Firecrackers spew sulfur dioxide, nitrogen oxides, heavy metals, and ultrafine
particles that penetrate deep into lungs, triggering asthma, bronchitis, and
heart attacks.
Hospitals report Diwali surges: burns, eye injuries, and noise trauma
exceeding 140 decibels. Children, seniors, and the poor suffer most, lacking
access to purifiers amid systemic woes like Punjab-Haryana farm fires (160-600
daily in October-November), 10 million vehicles, and inversion-trapped smog.
Warmer 2024 Diwali nights worsened stagnation, rivaling global lows like
Lahore's infamous peaks.
The AAP era's Graded Response Action Plan (GRAP) lapses drew judicial
fire, but the February 2025 elections shifted gears. The Bharatiya Janata Party
(BJP) swept 48 of 70 seats, installing Rekha Gupta as Chief Minister on
February 20. Environment Minister Ashish Sood and Health Minister Pankaj Kumar
Singh have intensified enforcement: special police units, violator premise
seals, drone surveillance, and nodal officers for GRAP. Recent Air Act
amendments weakening penalties prompted court calls for stricter deterrence.
2025 Pivot: BJP's Pragmatism Meets Court Scrutiny
The new BJP administration has balanced rigor with realism. Ahead of
Diwali 2025, Sood's team has pushed tech driven monitoring while supporting
limited green cracker trials.

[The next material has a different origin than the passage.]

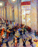 L’utopia del progresso in cui confluiscono la “rivolta simbolista“, il “socialismo divisionista” e i “futuri futuristi“(sala centrale). Qui si nota come l’arte si schiera e rappresenta ciò che succede, è testimone del periodo dell’emigrazione e delle prime lotte socialiste come faceva già da tempo la letteratura. C’è anche l’opera di G. Balla “Lampada ad arco” (proveniente dal New York Museum of Modern Art), e “Fiumana ” di G.Pellizza da Volpedo, due opere molto grandi e rappresentative.
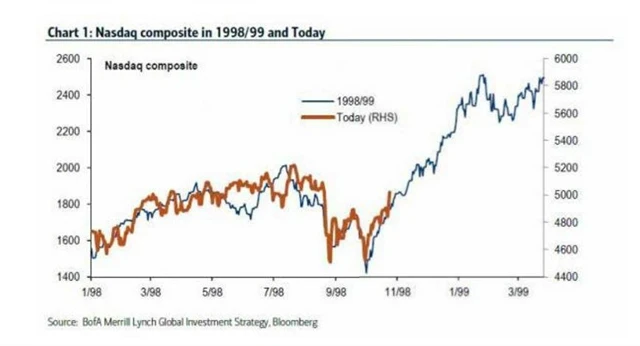 Graf z dílny Bank of America Merrill Lynch ilustruje současný růst Nasdaqu ve vztahu k pohybům stejného indexu mezi lety 1998 a 1999.

In September-October 2025 hearings, Chief Justice
B.R. Gavai challenged Delhi's "elite" favoritism, advocating a
pan-India framework for equitable air quality.
On October 10, a bench including CJI Gavai and Justice K. Vinod Chandran
reserved orders on allowing NEERI/PESO certified green crackers for five days,
with QR app verification, licensed vendors only, and timed slots. Solicitor
General Tushar Mehta urged moderation, citing amicus curiae data showing
negligible long term AQI harm from controlled use. Environmentalists counter
with health perils, but Sood emphasizes chemical inspections to curb smuggling.
This "trial basis" could extend to events like weddings,
marking a thaw from the April ban's absolutism.